Schurman v. Schurman

Citation245 N.W. 39,60 S.D. 489
Decision Date01 November 1932
Docket Number7267.
PartiesSCHURMAN v. SCHURMAN et al. (DOYLE et al., Garnishees).
CourtSupreme Court of South Dakota

Appeal from Circuit Court, Minnehaha County; John T. Medin, Judge.

Garnishment proceedings by Fritz Schurman, wherein J. C. Schurman and another were defendants, and William T. Doyle and others were garnished. From an order dismissing the garnishment proceedings, plaintiff appeals.

Affirmed.

Canfield & Michael, of Luverne, Minn., and B. O. Stordahl, of Sioux Falls, for appellant.

Krause & Krause and Ervin P. VanBuren, all of Dell Rapids, for respondents.

RUDOLPH J.

Garnishment proceedings were commenced in the circuit court. A motion to dismiss the garnishment proceedings, based upon affidavits was made by the garnishee defendants. After a hearing, the trial court entered its order dismissing the garnishment proceedings. The order contained no recital upon what the order was based; neither was there filed therewith the certificate of the judge who entered the order designating upon what the order was based. The attempted appeal is from this order.

Rule 6 adopted for trial courts of record, provides as follows "All orders must forthwith be filed. When any order is filed there shall be filed therewith all the affidavits and papers presented or used by either party on the motion upon which the order is granted, not then on file. Every order shall recite, or there shall be filed therewith a certificate of the judge designating, upon what such order is based. The failure or neglect to file such certificate, affidavits and papers, by the person in whose favor an order is granted, shall be cause for setting aside the order for irregularity."

The order was not set aside under the provisions of the above-quoted rule, but the appeal was attempted to be taken from the order as entered.

This court, in the case of Anderson v. Bruflat, 39 S.D. 555, 165 N.W. 538, said: "In case of an order granted upon affidavits or other written evidence, the record as to such order may be settled under rule 5 [now rule 6] of the Trial Courts."

In the case of Farmers' & Merchants' State Bank of Hecla v. Michael, 36 S.D. 172, 153 N.W. 1008, this court said: "If the order appealed from complies with the provisions of rule 5 [now rule 6] of the circuit court, or if the trial court, failing to comply with such rules, thereafter and within proper time made and attached to such order a certificate covering any omissions in such order, there exists a 'settled record' sufficient for the purposes of this appeal."
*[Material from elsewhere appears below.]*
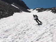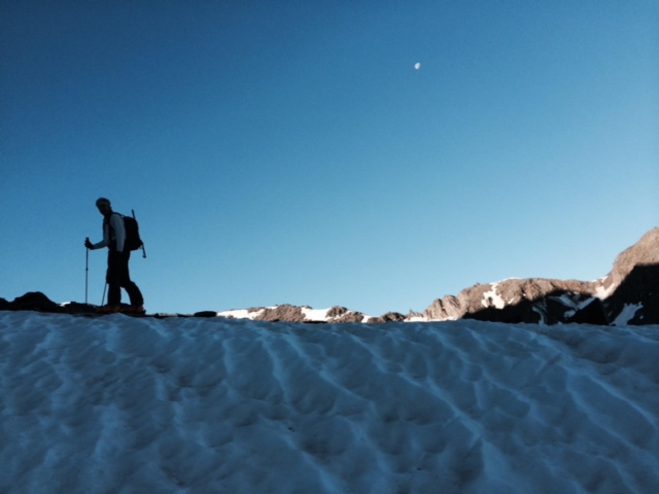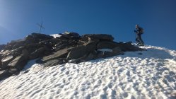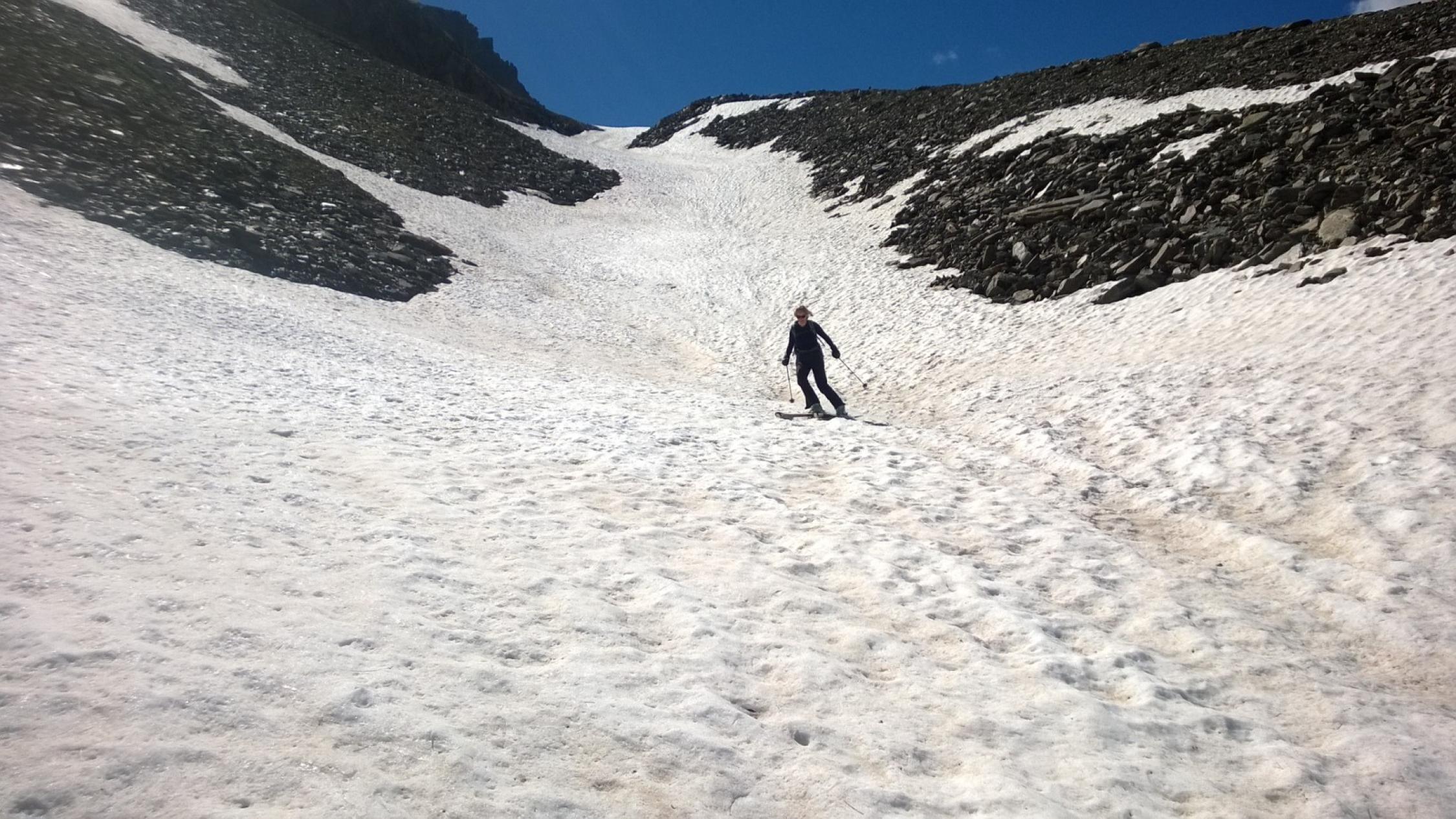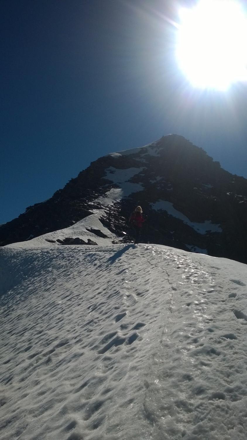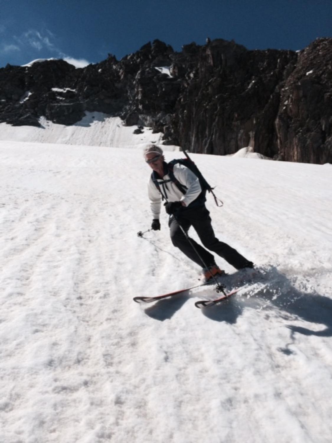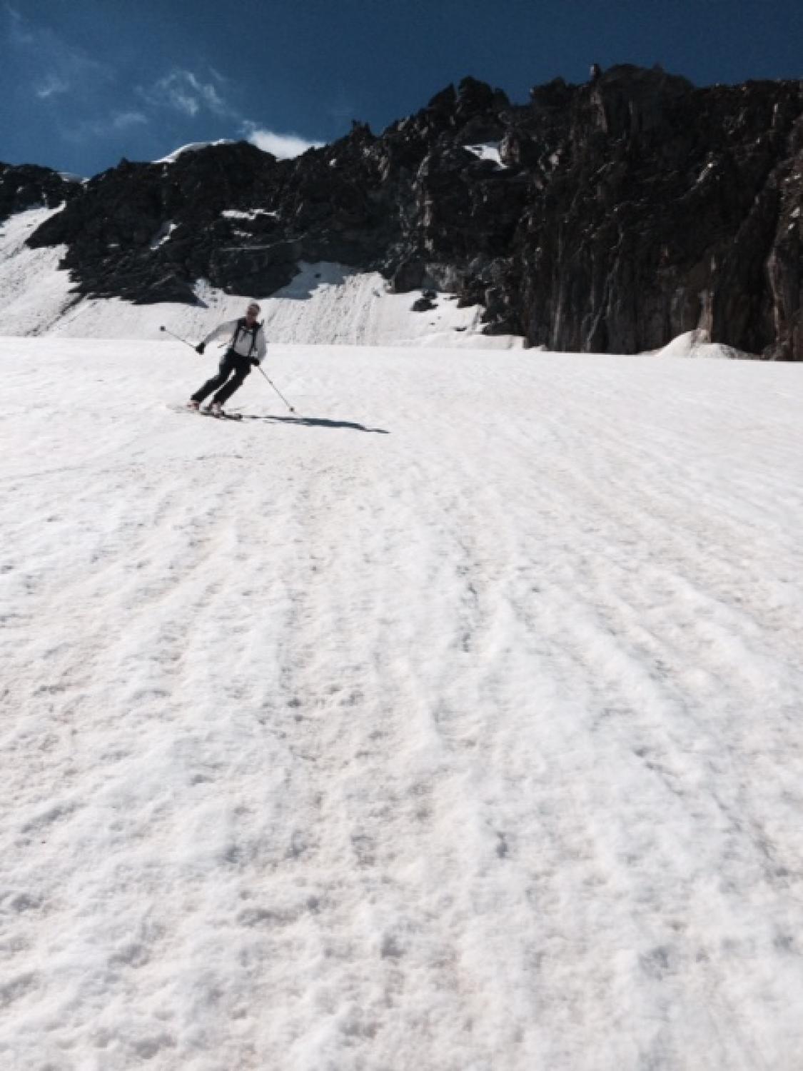 Ski bei der Militärstrasse an- und abgezogen. Schnee war am Morgen hart, gefroren und durchwegs tragend, teilweise Sommerhärte. Abfahrt um 10.00 war perfekt angetaut und sehr schön, früher wäre das ein beinahe unfahrbares Wellblech gewesen. Gletscher ist noch sehr gut eingeschneit, ausser zwei Sommertourengänger haben wir niemanden angetroffen. Ski nur bis zum Grat mitgenommen, oben waren zu viele apere Stellen

In the case of Rodman v. Rodman, 52 S.D. 339, 217 N.W. 507, 508, this court said: "If an order fails to recite upon what it is based, a certificate of the trial judge designating upon what it is based is necessary to authenticate the record for a review of the order."

There has been no attempt here to comply with rule 6. We have no certificate of the trial court designating upon what the order appealed from is based. Under the provisions of rule 6 and the rule announced in the cases above quoted from, it is necessary that the order itself recite over the signature of the judge upon what it is based, or that there be entered a certificate of the judge designating upon what such is based, before there can be a review of the order in this court.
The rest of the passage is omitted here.